- Brian Chilson
On a voice vote, the House Public Health Committee has taken Sen. Jason Rapert’s bill to ban most abortions in Arkansas off the table so that it could be discussed.
His SB 134 would require a fetal heartbeat check for women seeking an abortion. Detection of a heartbeat would make performance of an abortion a crime by the doctor, except in cases of rape and incest and to save a woman’s life. Rapert has said he will amend the bill to require only external hearbeat monitoring. This would mean an extension of the period in which abortions would be possible to as much as 10 weeks. In its unamended form, the bill requires a transvaginal probe in the earliest stage of pregnancy. Heartbeats can be detected by this method as early as 5.5 weeks.
Forty years of U.S. Supreme Court precedent still holds that a state may not ban abortions before fetal viability. That has been held to be at least 24 weeks, though a case is moving through the courts that could reduce that period to 20 weeks. Amended or unamended, Rapert’s bill would impose the nation’s strictest abortion ban. It would be instantly subject to court challenge and, unless the U.S. Supreme Court has a change of heart, be declared unconstitutional. Gov. Mike Beebe and Attorney General Dustin McDaniel have both expressed concerns about the bill and the amendment on transvaginal probes, while potentially making the bill more palatable to some people, does nothing to address its core unconstitutionality.
The committee has taken a recess and soon will resume. I only wish it could hear from the Air Force pilot who described his family’s difficult pregnancy and decision to terminate it. His wife would have been forced to carry a gravely afflicted fetus to term by Rapert’s legislation.

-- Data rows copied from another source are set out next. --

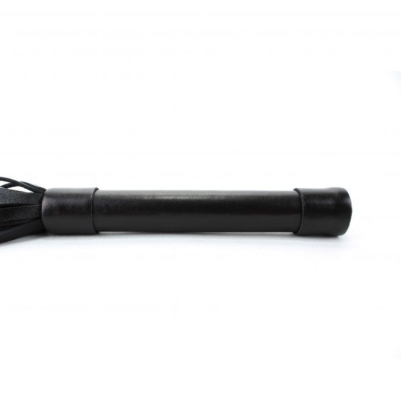 Аккуратная черная плетка, изготовленная из натуральной кожи. Имеет жесткую ручку, также покрытую кожей. Имеется петля для удобного использования плети. Длина хлыстов - 28 см.
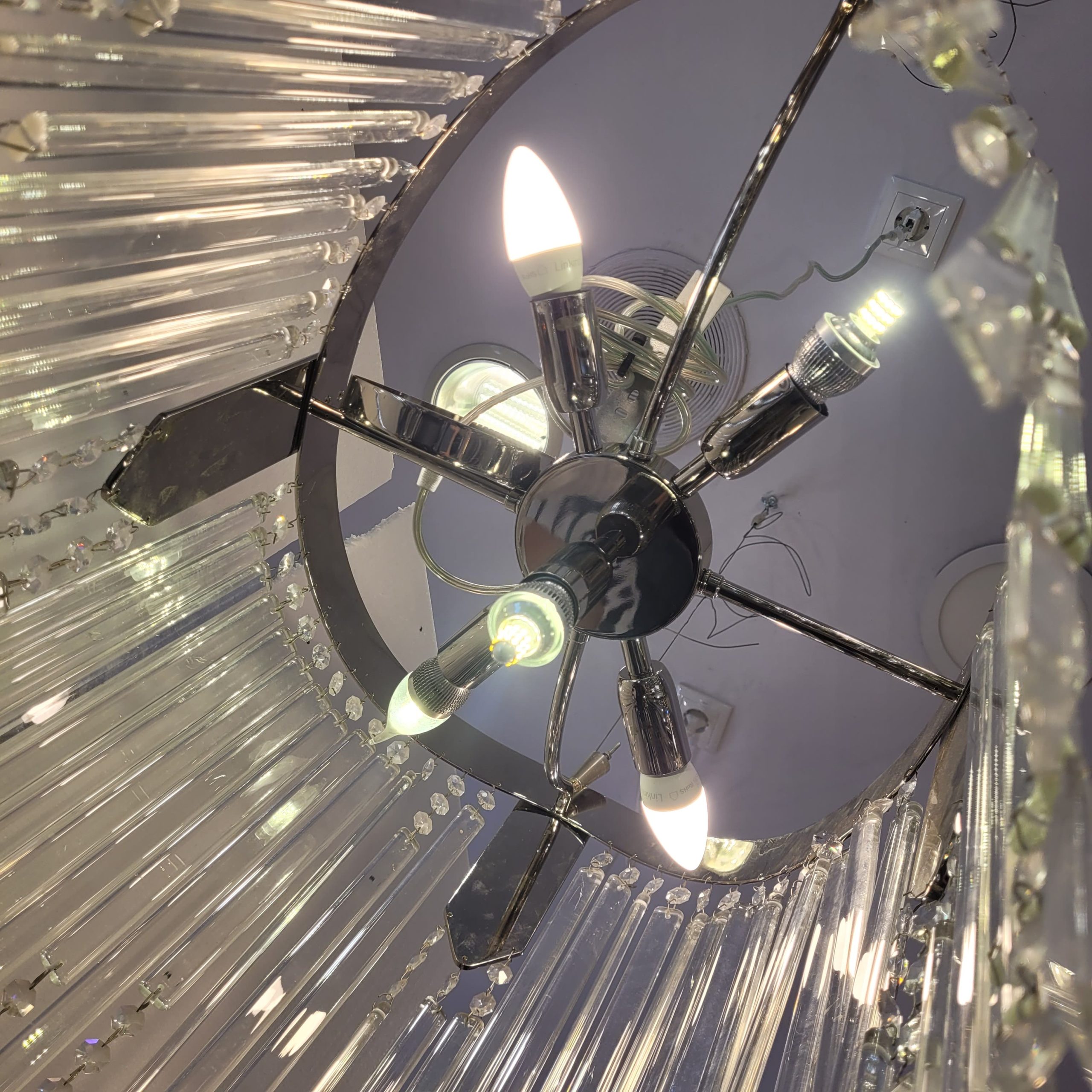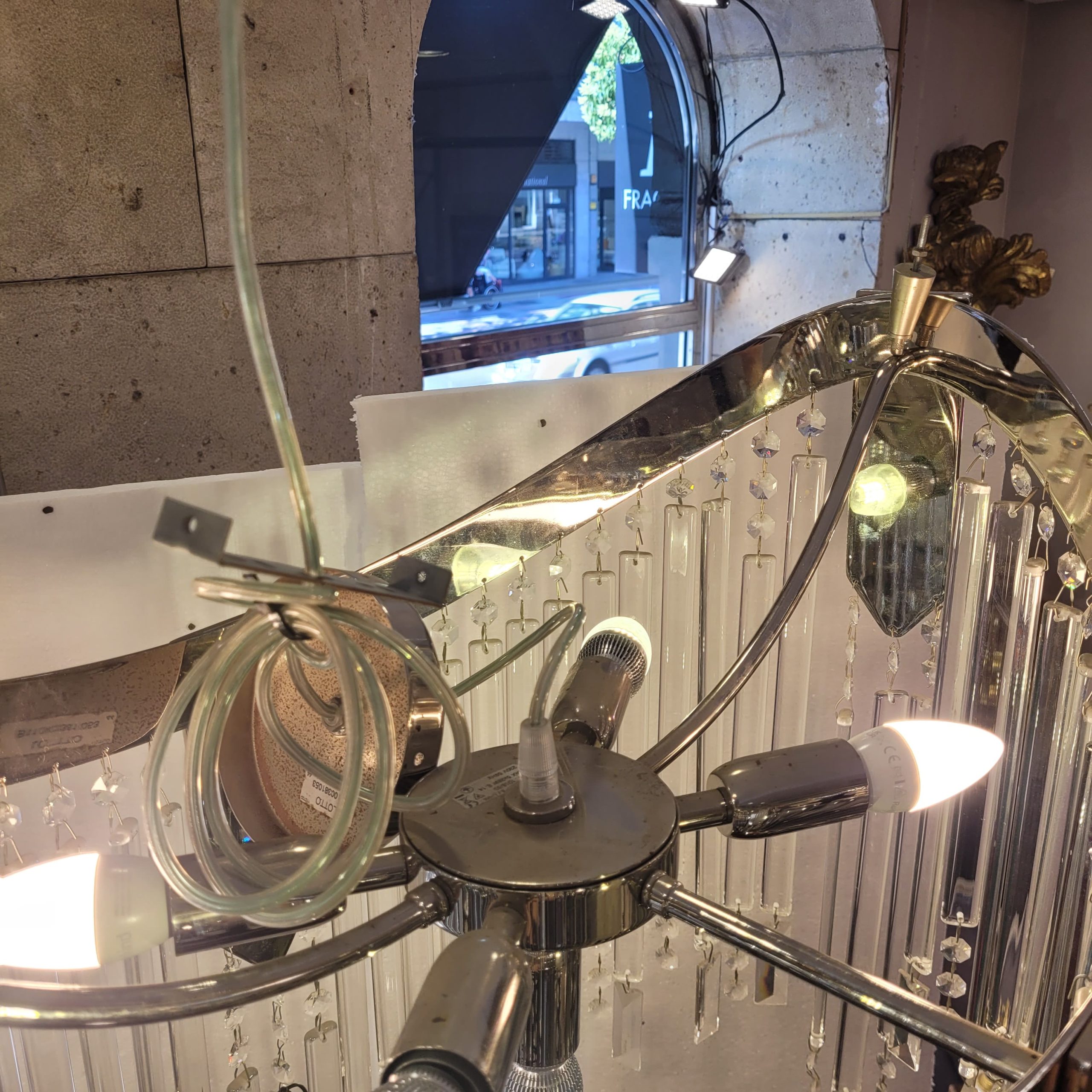 Elegante lámpara de techo o chandelier de cristales tallados geométricos y estructura metálica ovalada y cóncava.
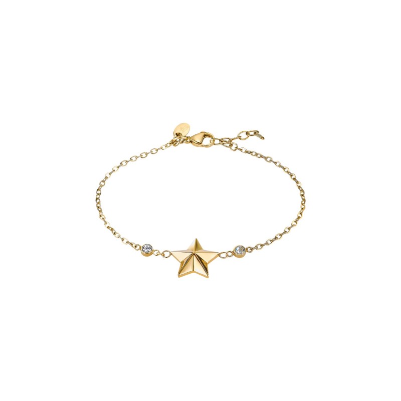 Pulsera Lotus Style para mujer fabricada en acero bañado en oro amarillo compuesta por una elegante cadena que da lugar a una estrella colgante y cristales brillantes. Su cierre es de mosquetón.
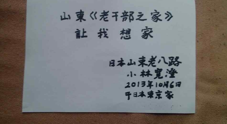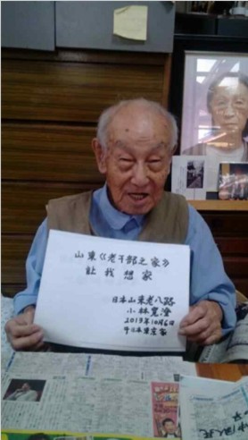 近日,“日本八路军新四军战友会会长”“前在华日人反战同盟山东地区协议会执行委员 鲁中支部 滨海支部长”——93岁的小林宽澄,在日本家中写下了“山东《老干部之家》让我想家”的话语,托旅日“家”人梁金丽老师带回给《家》刊。 小林宽澄原是侵华日军机枪手,被俘觉醒后加人了八路军,从此走上了反战反侵略之路。2010年5月,时任国家总理温家宝总理访日,专门设宴邀请了小林宽澄等反战同盟老战士。2010年6月,小林宽澄到山东看望老战友、寻找当年掩护过他的恩人,《家》刊协助并对小林宽澄一行进行了采访。得知山东省委老干部局修建了山东老战士纪念广场以后,在《家》刊记者的陪同下,小林宽澄参观了纪念广场,并郑重地提交了纪念广场刻名申请表。 查看《家》刊采访文章:《91岁日本老八路的中国战友情》请点击链接: |
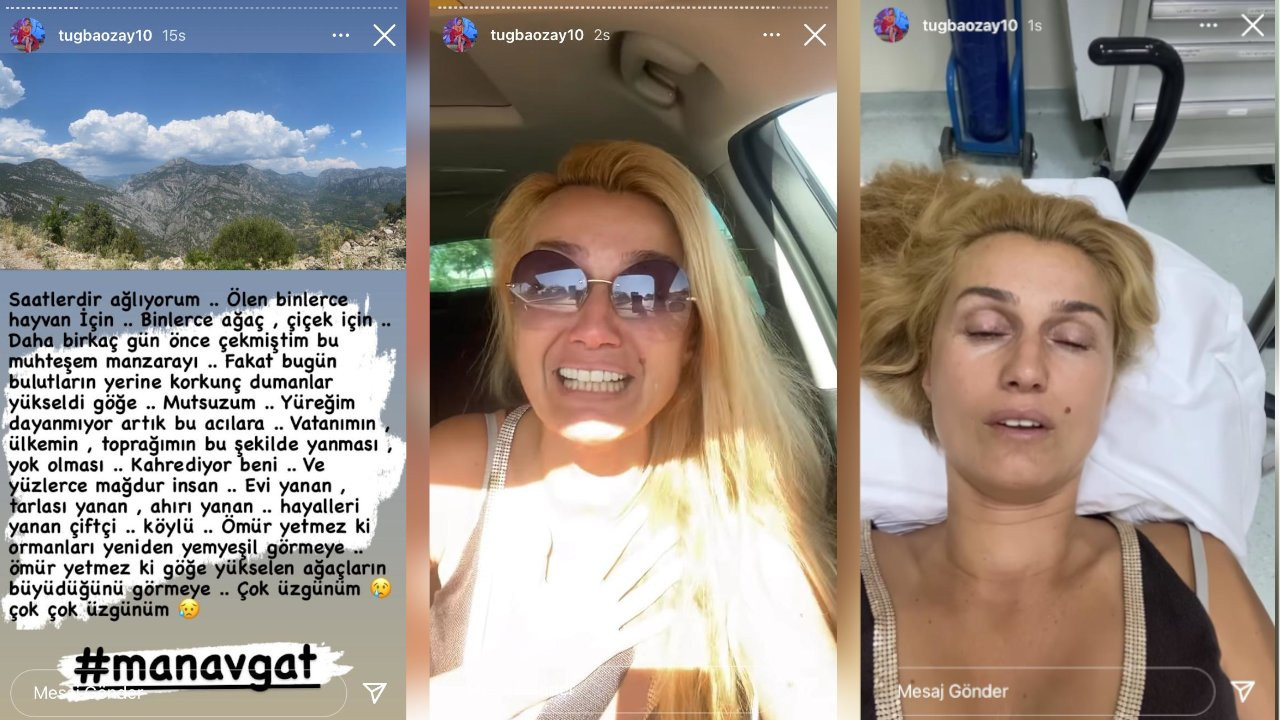 Türkiye 3 gündür alevlerle boğuşuyor. 71 ilde çıkarılan orman yangınları mal ve can kaybına yol açıyor. İki gün önce gözyaşları içinde yanan çiftliğini gösteren ve yalvararak yardım isteyen ünlü manken Tuğba Özay, felç geçirdiğini söyleyerek hastaneye kaldırılmıştı. Sosyal medyadan paylaşım yapan ünlü manken 'Kollarım ve ayaklarım tutmuyor, felç geçirdim' diyerek sevenlerini üzmüştü. Geçirdiği felci iki günde atlatan Tuğba Özay hızını alamamış olmalı ki bugün Şirinevler'de bulunan bir kuyumcunun açılışına katıldı. Manavgat'ta bulunan çiftliğini yangın nedeniyle kaybetme tehlikesi yaşayan ve ağlayarak ölen atının resmini paylaşan ünlü manken sinir krizi geçirerek yetkililerden yardım istemişti. Bugün kuyumcu açılışına katılan Tuğba Özay'ı gayet sağlıklı ve neşeli görenler önce şok oldu, ardından da sosyal medyadan tepki gösterdi. İnsanların aklıyla dalga geçmeyin, diyen vatandaşlar 'Kollarım ve ayaklarım tutmuyor, felç geçirdim' diyen Tuğba Özay'ın bir kuyumcunun açılışına katılmasına yoğun tepki gösterdi. Sosyal medya kullanıcıları Özay’ı halkı kandırmakla suçlayarak "Dün felç geçirdim diye ağlıyordum, bugün güle oynaya açılıştasın’, ‘İnsanların hisleriyle oynamak bu kadar kolay mı’ , ‘Bu nasıl vicdan çok yazık’ şeklinde yorumlarda bulundular.
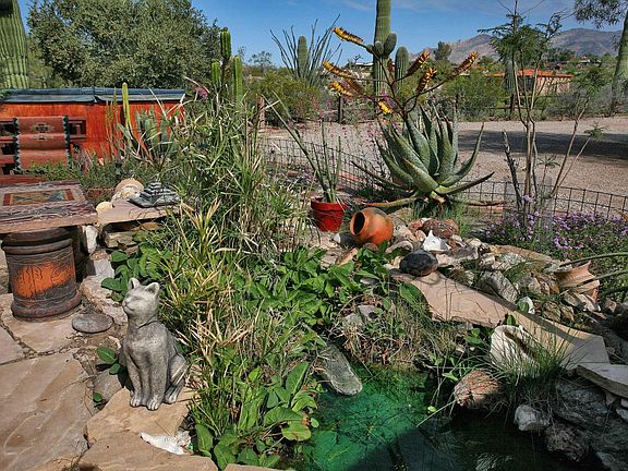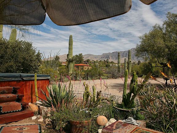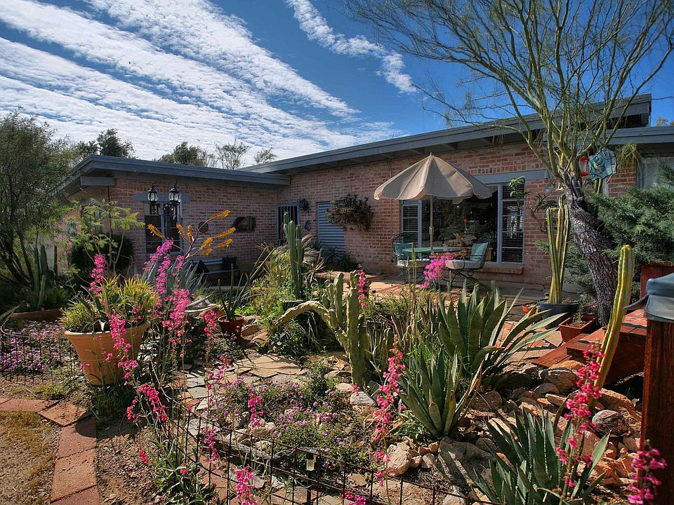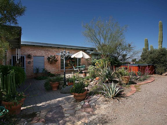 For more information on this property, contact the Listing Agent, The Roberts and Norris Team at (520) 918-5293 or bobn@LongRealty.com. Range priced $324900-$364900. This is a wonderful, 60 year Joesler designed home which has been thoughtfully expanded and modernized on a secluded private lot with exceptional Catalina mountain views. Open great room and dining, inviting brick fireplace to take the chill off a brisk evening. Beautiful beamed and sloping ceilings throughout with natural wood patina. Kitchen has raised ceilings, and hickory cabinets with tiled floor, counters and back splash. Three carpeted bedrooms, one with a Murphy bed installed, all with light kits and fans. Wonderful Arizona room, six large duo-pane windows for great views! Exterior is extremely private, with three large patios to enjoy the outdoors. There's mature landscaping, exotic plants and cacti, over 30 saguaros, and a cooled garden room.
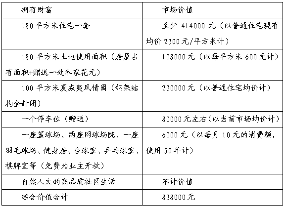 如果按麗景江山別墅現(xiàn)在售價(jià)2800元/平方米計(jì),180平方米合計(jì)為504000元。而實(shí)際得到的價(jià)值至少為838000元。高出購房款334000元。收益率為66%。
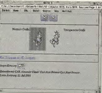 Als nächstes werden zwei - nahezu identische - Bilder in das Dokument eingebunden. Sieht man sich die Darstellung des HTML-Dokuments (Abbildung 3) an, erkennt man deutlich, daß das erste rechteckig umrahmt ist, während das zweite scheinbar vor dem Hintergrund schwebt. Das spezielle Format GlF89a ermöglicht dieses Verhalten, indem es eine Farbe aus der Farbtabelle als transparent markiert. Der Browser läßt diese Farbe dann aus. Statt ihrer scheinen Hintergrundfarbe oder -bild durch die GIF-Grafik hindurch. Um aus einem herkömmlichen GIF87-Bild ein GIF89a-Bild zu erstellen, liegt CAB das kleine Utility TRANSGIF bei, das eine Farbe aus der Farbpalette des Originals als transparent markiert. Normalerweise müssen Grafiken von Anfang an auf diesen Zweck hin konzipiert sein, da die Farbe, die als transparent markiert werden soll, nicht im Motiv selbst Vorkommen darf.
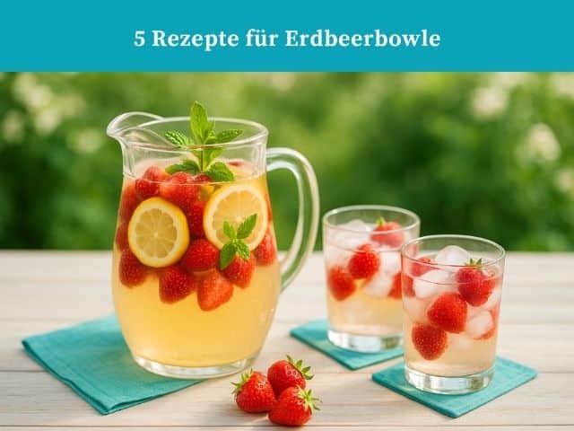 Hier findest du 5 Rezepte dafür. Für alle Varianten gilt: Die Qualität der Erdbeeren entscheidet über das Ergebnis. Reife, aromatische Früchte sorgen für natürlichen Geschmack und eine schöne Farbe. Wichtig ist außerdem etwas Geduld beim Ziehenlassen, damit sich die Aromen gut verbinden können. Die Rezepte lassen sich flexibel abwandeln, etwa durch alkoholfreie Alternativen oder unterschiedliche Weinsorten. So kannst du jede Erdbeerbowle genau auf deine Gäste abstimmen.
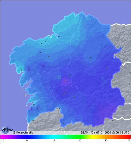 | 06-01-2026 | | | Máx. | Mín. | | | Temperatura | 6,9 | 1,2 | °C | | Humedad | 92 | 75 | % | | Viento | 35 | n/a | km/h | | Presión | 1.024 | 1.018 | hPa | | Precipitación | 7,1 | mm |
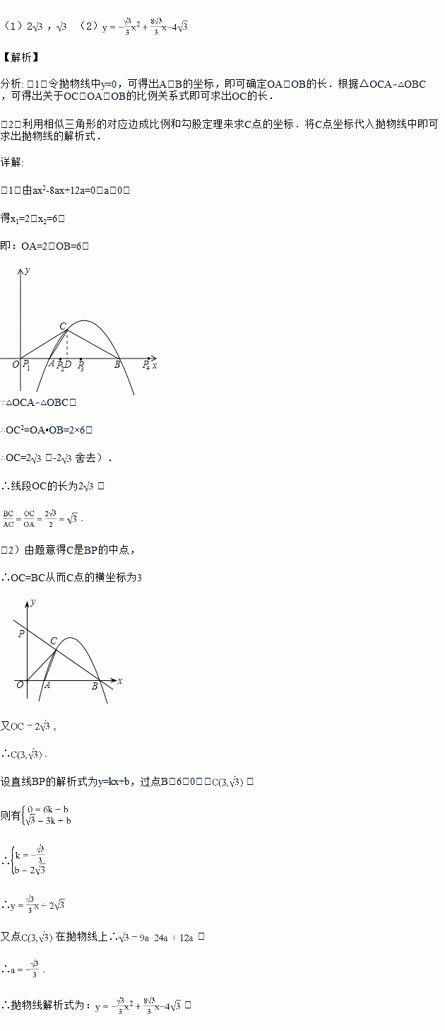 已知抛物线y=ax2﹣8ax+12a(a<0)与x轴交于A、B两点(点A在点B的左边),抛物线上另有一点C在第一象限,且使△OCA∽△OBC,

UPDATE: Rapert and Rep. Ann Clemmer introduced the amendment, which they said would essentially ban abortions at 12 weeks rather than 6 (and use an abdominal ultrasound only rather than a transvaginal probe). Questions about fetal anomalies went unanswered. Rapert repeatedly lied that the bill would pass muster with current jurisprudence, including Roe v. Wade. In a news release, he said that since Roe v. Wade allows states to “regulate” abortions in the second trimester, that his bill is constitutional. But it and other decisions say state bans in the first TWO trimesters are impermissible.
Questioning was surprisingly timid from pro-choice Rep. Greg Leding, who stated that he was “much more comfortable with the amended version of this bill.”
A UAMS doctor testified that the law would interfere with the management of high-risk pregnancies. He called it a “violation of relationship between patient and doctor” and said that it would put physicians and women in harms way. He also stated that the bill doesn’t adequately address fetal anomalies and other health emergencies. Finally, he testified that the law would threaten accreditation and potentially force UAMS to send residents out of state for training (with no budget to do so).
An anti-abortion counselor testified on behalf of another counselor not in town. Her story: she had an abortion for medical reasons. This led her to suffer and cry to herself for 12 years, and she continues to miss the baby. The counselor testifying in her stead said that she worked with many women who still suffered from the anguish of “being able to make that decision.” She said it kept some women from pursuing their career and education and might lead to becoming self-destructive.
Ob/gyn doctor Janet Cathey (who has previously testified before the committee on the Mayberry bill) testified that the bill does not make sufficient exception for congenital anomalies. “If I don’t understand as a physician, it’s not very well defined,” she said. She testified that doctors cannot diagnose congenital anomalies before 12 weeks. She also made a point that hasn’t been made enough: the bill targets poor, disadvantaged, and younger women. Finally, she explained that the scientific research suggests that most women do not have post-traumatic stress after an abortion.
UPDATE: The bill passed by a voice vote and is on to the House. Rapert’s news release on his victory said one Democrat, Rep. Jeff Wardlaw, had supported his bill.
Clemmer said “the purpose of this bill is to make abortion safe, legal, and more rare.” Actually, no. She wants abortion to be illegal. The anti-abortion forces talked about preserving “choice.” Really. Amazing. Choice is now shut at least at 12 weeks.
Clemmer also offended a number of people with her gross insensitivity. Heck, she’s been pregnant. What’s a few more weeks of pregnancy, she was heard to remark. Tell that to the surgical nurse who made the decision to end her pregnancy in the 21st week but would otherwise have been required to to continue a pregnancy with a fetus unable to survive outside the womb.
Gov. Mike Beebe sent his strongest signal to date that he might veto the legislation, which could explain the Democrats rolling over today (and probably on subsquent votes). “It’s still bad. I think it’s unconstitutional. If it gets to me, then to a large extent I’ll be guided by that.”
It IS unconstitutional. Clemmer’s smug assertion that abortion remains illegal until 12 weeks overlooks the clear dictates of Roe v. Wade and Planned Parenthood v. Casey, which prohibits state bans pre-viability. Rapert has in the past cited a scrap of a non-pertinent clauses in the Casey decision as supporting his view, but it requires ignoring the totality of the opinion.